Typical biolubricants have been extracted from living organisms, such as the synovial and tear fluids, which have been artificially reproduced in both tribology and the medicine domain, with numerous reports on the lubrication performances of various components.4–7 Typically, hyaluronic acid, extensively existing in organisms, has been gaining popularity due to its distinguished water-holding capacity and outstanding biocompatibility.8–10 The indication is that the contributive role for reducing the friction coefficient of hyaluronic acid in aqueous solution comes from its super hydrophilicity.9,10 Phospholipids, consisting of hydrophobic tails and a hydrophilic head, found in rich quantities in living joints, have also been found to act as a kind of effective lubricant, protecting the cartilage from damage.11–13 Recently, many efforts have focused on the surface-attached molecules in aqueous liquids.14,15 Hakala et al.16 reported that the formation of a protein layer significantly reduced friction and wear. Raviv and Chen et al.17,18 showed that polyelectrolyte brushes attached to sliding solid surfaces can provide a friction coefficient remarkably similar to those found in healthy joints. Meanwhile, effective components extracted from plants have also shed new light on research for environmental friendly lubricants. Exceptional lubrication performance was reported by Arad et al.19 using polysaccharides extracted from red algae, although the mechanism is still unclear. The mucilage of both Brasenia schreberi and aloe has good lubricity between two rubbing surfaces.20,21
There is strong interest in exploring the lubrication mechanism between two contact surfaces across such bio-aqueous media. In particular, silicon nitride ceramic, one of the major wear-resistant materials that possess high flexural strength, high hardness and good fracture resistance, can obtain an excellent lubrication condition.22,23 During the process of lubricating the molecular origins, a common running-in period has emerged together with the reduction of friction in the nano/micro gap between the sliding and the contacted surfaces.19–23 The behavior and changes of both surfaces and lubricants during the running-in process will be crucial for revealing the fundamental mechanism of friction reduction, which requires great efforts to be thoroughly understood.
Lactic acid, a simple compound with the chemical formula CH3C(OH)COOH, has a hydroxyl group adjacent to the carboxyl group, making it an alpha-hydroxy acid. It can be constantly produced in the living body and also exists in some dairy foods, but has rarely been studied as a kind of lubricant. Some related investigations have been reported. Kim and Langer24 evaluated the lubrication performance of the biodegradable polyether networks that were copolymerized with oligomers of lactic acid. McKinney et al.25 measured the Knoop hardness and pin-and-disc-wear of a commercial silver-sintered glass-ionomer cement that had been preconditioned in lactic acid, decreasing the hardness through chemical dissolution. Yoshida et al.26 obtained a super low coefficient of friction (0.01) at the end of a sliding test of tetrahedral amorphous carbon (ta-C) lubricated with lactic acid. This study also indicates that lactic acid can efficiently reduce the sliding friction of glass surfaces in aqueous solution. Through the study of the lubricating characteristics of a lactic acid solution, our work aims to explore the lubrication mechanism of such a system and to discover how to shorten the running-in time and reduce material wear. We propose that this lubrication could be used in silicon nitride bearings after further improvements of some existing limitations, such as the brittleness of glass and the acidic environment of the lubricant.

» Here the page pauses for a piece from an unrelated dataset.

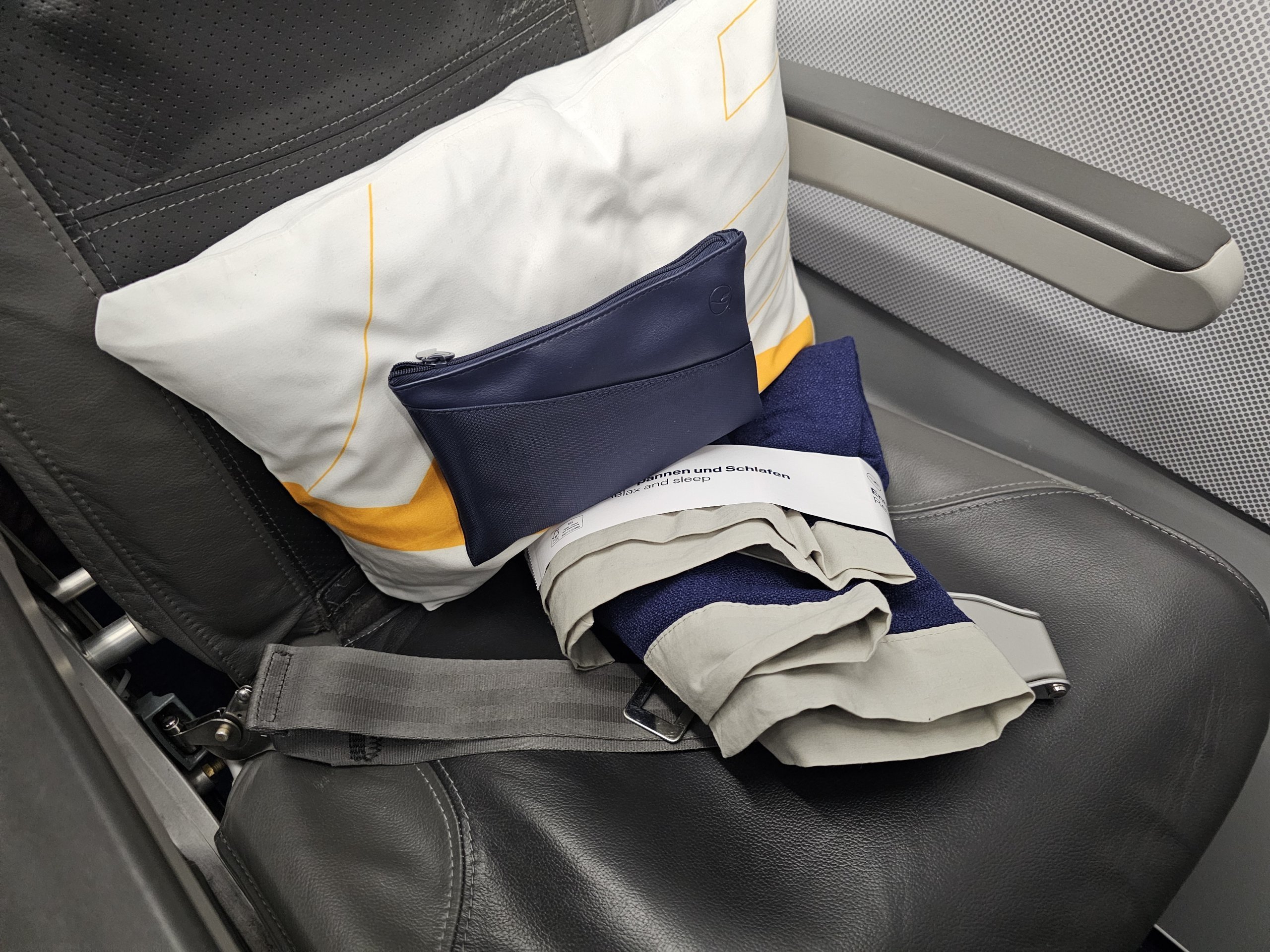 Cu toate acestea, conținutul amenity-kit-ului este un pic mai sărac la Lufthansa, iar perna este și ea mai mică. În interiorul genții găsesc aceste lucruri:

| Concentration (mol L−1) | pH value | Viscosity (mPa s) |
|---|---|---|
| 0.009 | 2.96 | 1.01 |
| 0.085 | 2.17 | 1.05 |
| 0.85 | 1.58 | 1.23 |
| 3 | 1.39 | 1.89 |
| 4.25 | 1.08 | 2.67 |
| 7 | 0.77 | 5.72 |
| 9 | 0.46 | 11.4 |
| 11.3 | <0 | 35.1 |
The friction force was measured constantly in ball-on-disc experiments at a sampling frequency of 1 kHz. The ball-on-disc device was installed on a UMT-3 tribometer (CETR). The load used in the experiments was 200 g, corresponding to a Hertzian contact pressure up to 400 MPa. The rotating speed was maintained at 120 rpm, corresponding to a linear speed of around 50 mm s−1. The rotating radius was 4 mm, and the disc acceleration was 12 rad s−2. The lubricant amount in each test was 30 μL, added as droplets onto the disc by pipette. The lubricant covered the entire area of the wear track. Each test was repeated 3 times.

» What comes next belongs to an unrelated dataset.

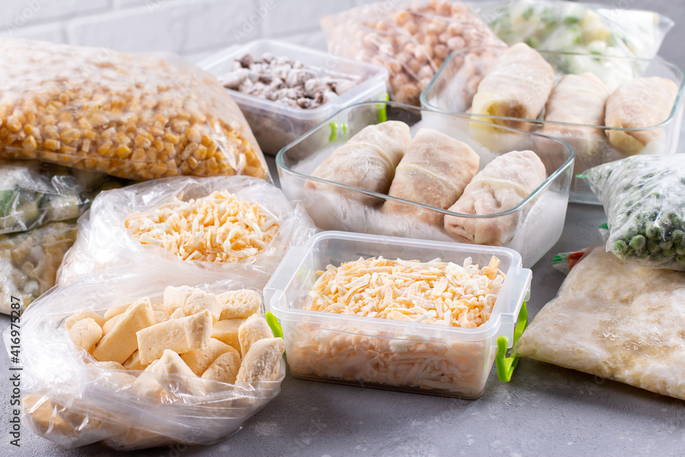 Plastic bags and containers with different frozen products, vegetables and meat #416975287

The experimental set-up is sketched in Fig. 1. The upper ceramic ball was made of Si3N4, with a diameter of 5/32 inches (3.969 mm) and a mean surface roughness (Ra) less than 20 nm. The lower glass discs had a mean surface roughness of 5 nm. Before testing, the balls and discs were cleaned by ultrasonic washing in ethanol and deionized water, 5 min each.

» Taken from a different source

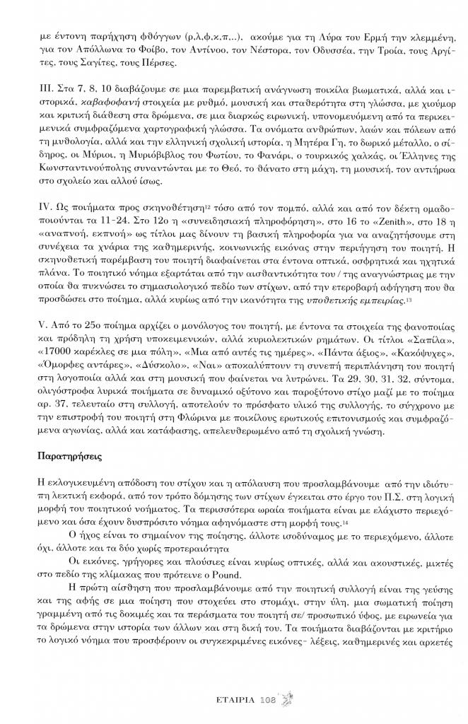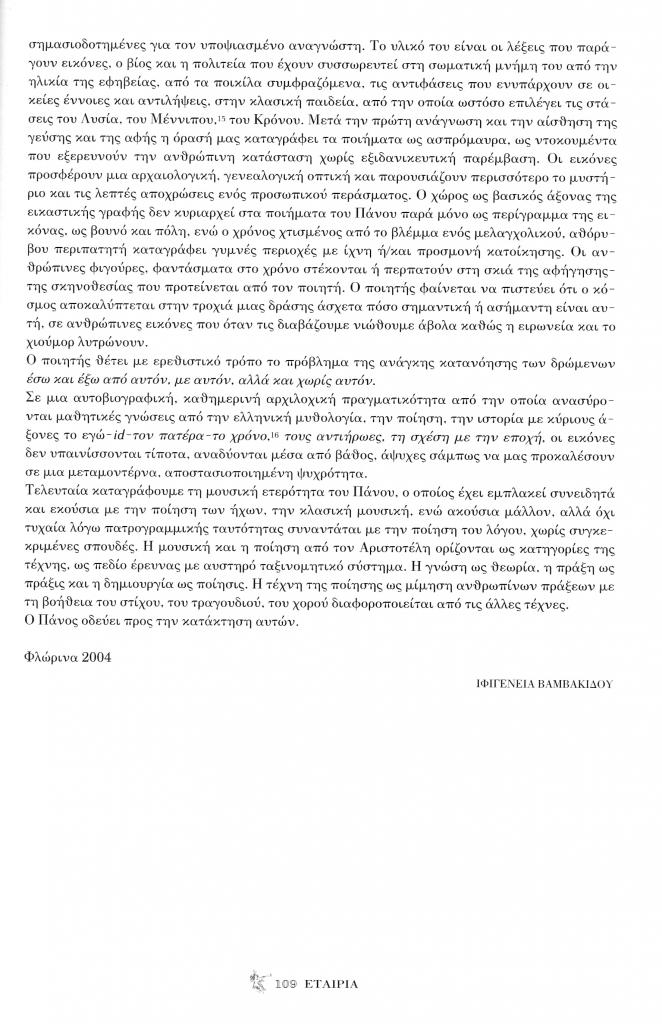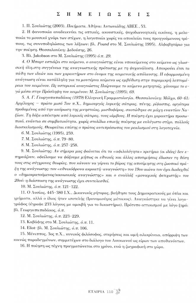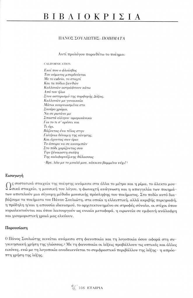Βαμβακίδου Ιφιγένεια, «Βιβλιοκρισία. Πάνος Σουλιώτης: Ποιήματα», Εταιρία, τχ. 38-39 (Δεκέμβριος 2004), σ. 105-110

To investigate the effect of surface wettability on the friction, the hydroxylation of the lower glass surfaces was enabled by immersing the samples in piranha solution for 5 h. The piranha solution was a mixture of 98% sulfuric acid (H2SO4) and hydrogen peroxide (H2O2) at a mixture ratio 3
:
1. In addition, the ContourGT-K 3D optical microscope (BRUKER) was used to measure the surface topography of the glass discs.
As glass is a hard and brittle material, a typical running-in process is a friction reduction process accompanied by drastic fluctuations due to the acutely worn process, resulting in the large standard deviation observed in Fig. 2. For the sake of clarity, we define the running-in process as the initial procedure that enables the friction coefficient to fall to about 0.1. After the running-in period, the friction coefficient became low and steady, followed by the long-lasting ultra-low friction stage (more than 3600 s) with a friction coefficient of ca. 0.02 occurring within the next several minutes.
In addition, the tribology tests with other material combinations of the tribopairs were also performed, such as ceramic/ceramic, ceramic/silicon, and ceramic/DLC. The friction coefficient of about 0.08 to 0.15 was achieved using these material combinations. Further, we focused on ceramic/glass tribopairs, as the tests of the ceramic ball and glass disc obtained the best lubrication performance.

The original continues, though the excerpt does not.